_Action item:_ Your output should match the listing below word for word, without any images.

_Provided data:_
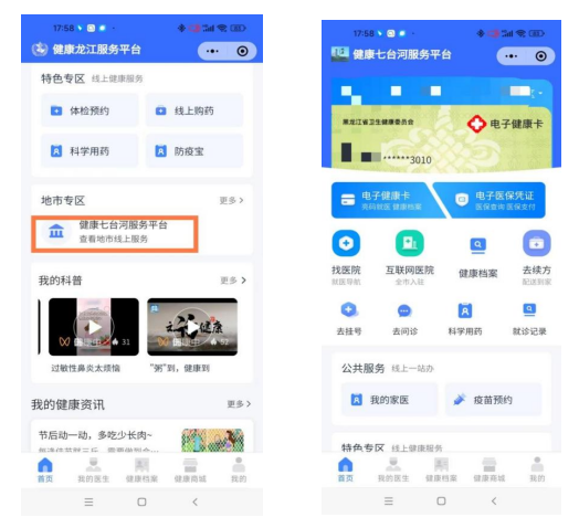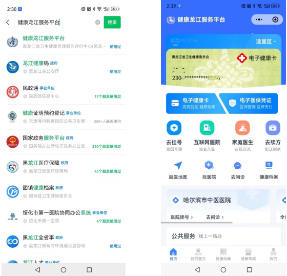 微信用户可搜索“健康龙江服务平台”小程序或者微信公众号,支付宝用户可搜索“健康龙江服务平台”小程序进入平台,以下是微信小程的操作和功能介绍:
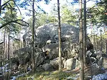 Pallivahankivi is a 10 meter tall glacially deposited rock that is located in the region of Pallivaha. The region of Pallivaha is named after the rock. The rock is associated with a Finnish folkstory, according to the legend, the rock was thrown into its current place by giants from the region of Nunnavuori.[1][2] Later legends say that the rock became a shelter for criminals who lived in the area.[3]
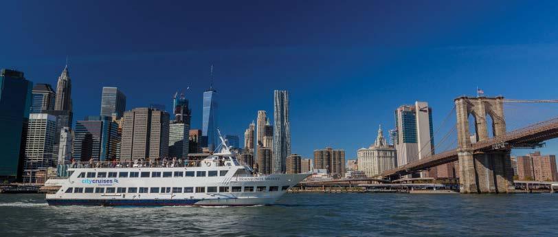 vibrant parts of city life. The views back to skylines and landmarks are even more impressive. City Cruises offers great ways to dine along the skyline. For a refined expe rience, book a Premier Brunch, Lunch, or Dinner Cruise on the all-glass, European-inspired Bateaux New York and enjoy chef-prepared, plated dining, live entertainment, signature cocktails, and the city’s most impressive views. Or enjoy an upbeat buffet experience with DJ music and views from the open air roof deck on the Spirit of New York.
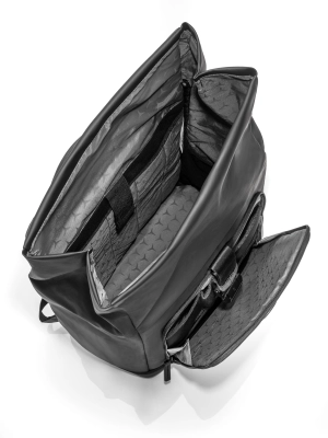 Der Mercedes-Benz G-Klasse Rolltop-Rucksack kombiniert markantes Design mit praktischer Funktionalität. Das schwarze Außenmaterial aus recyceltem Polyester wird durch Reißverschlussanhänger aus dem Leder des G-Klasse Interieurs ergänzt. Für hohen Tragekomfort sorgen gepolsterte Schultergurte und drei Rückenelemente aus Mesh. Im Inneren bietet der Rucksack ein großes Hauptfach, ein gepolstertes Laptopfach sowie ein Reißverschlussfach. Weitere Innenfächer, Stifthalter und eine Fronttasche runden das Platzangebot ab. Das Innenfutter besteht aus recyceltem Polyester mit Mercedes-Benz Pattern. Das Badge im Design der G-Klasse Ersatzradverkleidung rundet den Look ab.

_Task output:_
 微信用户可搜索“健康龙江服务平台”小程序或者微信公众号,支付宝用户可搜索“健康龙江服务平台”小程序进入平台,以下是微信小程的操作和功能介绍:
 Pallivahankivi is a 10 meter tall glacially deposited rock that is located in the region of Pallivaha. The region of Pallivaha is named after the rock. The rock is associated with a Finnish folkstory, according to the legend, the rock was thrown into its current place by giants from the region of Nunnavuori.[1][2] Later legends say that the rock became a shelter for criminals who lived in the area.[3]
 vibrant parts of city life. The views back to skylines and landmarks are even more impressive. City Cruises offers great ways to dine along the skyline. For a refined expe rience, book a Premier Brunch, Lunch, or Dinner Cruise on the all-glass, European-inspired Bateaux New York and enjoy chef-prepared, plated dining, live entertainment, signature cocktails, and the city’s most impressive views. Or enjoy an upbeat buffet experience with DJ music and views from the open air roof deck on the Spirit of New York.
 Der Mercedes-Benz G-Klasse Rolltop-Rucksack kombiniert markantes Design mit praktischer Funktionalität. Das schwarze Außenmaterial aus recyceltem Polyester wird durch Reißverschlussanhänger aus dem Leder des G-Klasse Interieurs ergänzt. Für hohen Tragekomfort sorgen gepolsterte Schultergurte und drei Rückenelemente aus Mesh. Im Inneren bietet der Rucksack ein großes Hauptfach, ein gepolstertes Laptopfach sowie ein Reißverschlussfach. Weitere Innenfächer, Stifthalter und eine Fronttasche runden das Platzangebot ab. Das Innenfutter besteht aus recyceltem Polyester mit Mercedes-Benz Pattern. Das Badge im Design der G-Klasse Ersatzradverkleidung rundet den Look ab.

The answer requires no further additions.